### Exercise data
::::::::
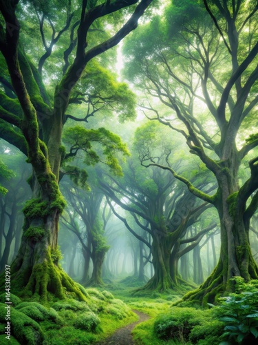 Naklejka premium Dense foliage with misty atmosphere amidst ancient trees
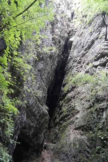 大裂缝,岩层垂直节理沿节理面岩石经风化作用垮落,再经流水冲蚀搬运形成。如果裂隙再扩展,就会形成“一线天”。
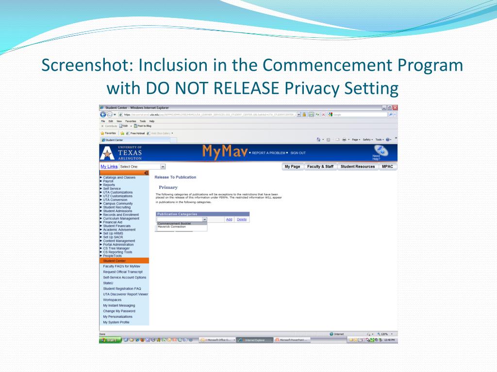 Impact of Withholding Release • Students who request restrictions to their record will not be included in the following: • Microsoft-hosted Student Email system (address book that allows student-to-student access) • UT Arlington web site “Find People” • UT Arlington printed Campus Directory “Maverick Connection” • Requests from external entities seeking directory information on UTA students whose requests are approved by the custodian of records for UT Arlington • Commencement program • However, restriction will not impact participation in Mav Alert
::::::::
### Directions
Without changing a word, retype the data above and omit its pictures.

### Task response
 Naklejka premium Dense foliage with misty atmosphere amidst ancient trees
 大裂缝,岩层垂直节理沿节理面岩石经风化作用垮落,再经流水冲蚀搬运形成。如果裂隙再扩展,就会形成“一线天”。
 Impact of Withholding Release • Students who request restrictions to their record will not be included in the following: • Microsoft-hosted Student Email system (address book that allows student-to-student access) • UT Arlington web site “Find People” • UT Arlington printed Campus Directory “Maverick Connection” • Requests from external entities seeking directory information on UTA students whose requests are approved by the custodian of records for UT Arlington • Commencement program • However, restriction will not impact participation in Mav Alert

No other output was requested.